Showing posts with label serial monogamist. Show all posts
Showing posts with label serial monogamist. Show all posts

Monday, October 13, 2008

Introducing The Heavy Breather

A slight flashback to get us started...

I was on the rebound, and dating a guy that was more into me than I was into him. He was nice, definitely my type, but sadly, not as much my type as the commitment-phobe/fuckwit that had just crushed me, so I really wasn't that into him. We had gone out on a date, but still hadn't had any real mouth-to-mouth action when he invited me over for dinner. He actually cooked me dinner. Chicken, salad, wine, the works. So obviously we had to hit the couch for a post you've-just-cooked-dinner-for-me make-out session. And it was good. Except for one not-so-little thing.

His heavy breathing.

This may sound like an innocent make-out faux pas, but I assure you, it was not. It was a fairly innocent make-out session; there wasn't even groping involved for crying out loud, and here he was, panting like a porn star. I mean, the guy turned out to be an above average kisser, but I couldn't enjoy it because I was so completely freaked out. I just kept thinking un-sexy thoughts like "is there something going on for him that's not happening for me?" and "maybe he should hit the gym for a little extra cardio?" and "seriously, it's not like it's his first time, is it?" (it wasn't, he's a serial monogomist of the worst kind. More about that and his corresponding fuckwittage later.).

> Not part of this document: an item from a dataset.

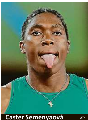
Caster Semenyaová AP

Olympijská šampionka z let 2012 a 2016 a trojnásobná mistryně světa je nejznámější atletkou, na kterou nové pravidlo dopadá. Osmadvacetiletá běžkyně má ještě možnost obrátit se během třiceti dnů na švýcarský soud. IAAF se rozhodla zavést kontroverzní pravidlo na základě odborné studie, podle níž mají atletky s odlišným sexuálním vývojem díky při-

Because of the screaming awkwardness of the situation, I ended the lip-lock much sooner than I would have liked. I just couldn't enjoy it. But I believe in second chances, so later that evening, I gave him a second chance. And it happened AGAIN!

So I did what any sensible girl would do. I avoided any and all potential make-out sessions for two weeks. Harder than you think. This story has a happy ending, though. He must have taken up running in those two weeks, because after that, the unnecessary heavy breathing was replaced by the appropriate kind.

However, he will hereby be referred to as The Heavy Breather.

Sunday, October 12, 2008

Dating Dictionary

In case you're wondering what on earth we're talking about sometimes...

Commitment phobe- n. Someone incapable of commitment. The thought of making plans beyond next weekend makes him or her break out into a cold sweat. Uses phrases like "going too fast" and "let's keep things casual." It is unlikely you will ever hear from him or her after the third date.
commitment phobic- n. Neurological disorder that turns a normally sensible person into a commitment phobe.

Friends with benefits- n. Boy who is a friend you wouldn't consider dating, but who you happen to know is an excellent kisser (hence the benefits). Benefits may end abruptly if boy acquires an actual girlfriend.

Fuckwit- n. One who commits fuckwittage.

Fuckwittage- n. First used in Bridget Jones' Diary, synonym for bad behavior displayed by men while dating. Includes, but is not limited to, disappearing, or other behavior intended to avoid actually breaking up with you, not calling, substituting actual conversations with e-mail/internet chat, breaking plans, inability to commit. Committed by fuckwits.
2. v. Playing with emotions by leading women on. Emotional fuckwittage.

Guapo Points- n. The number of points assigned to a man based on his hotness factor. Does not factor in personality traits. V. shallow.

Guapo Points Theory- n. Theory that suggests women only have a certain number of guapo points to use in a year, thereby limiting the amount of hottie action seen in any given year. History: Developed by Violet to explain dry spell that occurred after hook-up with man ranking very highly on the guapo points.

Imaginary boyfriend- n. Boy who hangs out with you a
lot, enjoys your company and making out with you, but
will not commit to the title of Boyfriend. Takes on
many 'boyfriend-like' responsibilties, calls you
frequently, yet disappoints you often. Not to be confused with "Friends with
Benefits." (Although benefits may sometimes be
included, they are not necessarily part of the
imaginary boyfriend package.)

Lesbi-friendship- n. A close friendship between two heterosexual women that is in no way a lesbian relationship, but deserves to be recognized as more than just an average friendship.

Lip molestation- v. Kissing which results in split lips, flaky skin, bruising, and the feeling that your lips are about to be pulled off during a make-out session. History: First used when Violet nearly had her lips chewed off by an over-eager South American.

Serial monogamist- n. Someone who simply cannot be single for any significant period of time, goes from one long-term relationship to another. Incapable of being a singleton.

Singleton- n. The opposite of a serial monogamist, someone who has a series of imaginary boyfriends, friends with benefits, and dates with fuckwits, commitment phobes, etc. Cannot seem to find her personal McDreamy. Unlucky in love. Prefers to call Valentine's Day Single's Awareness Day (SAD), as has spent more February 14ths single than in a relationship. Spends more time analyzing and dissecting relationships than actually having them. History: First recognized by Helen Fielding in Bridget Jones' Diary.

Smug Married- n. Person who is married and cannot understand how it is possible to be unmarried and happy at the same time. Usually tries to set up singleton friends with unsuitable bachelors.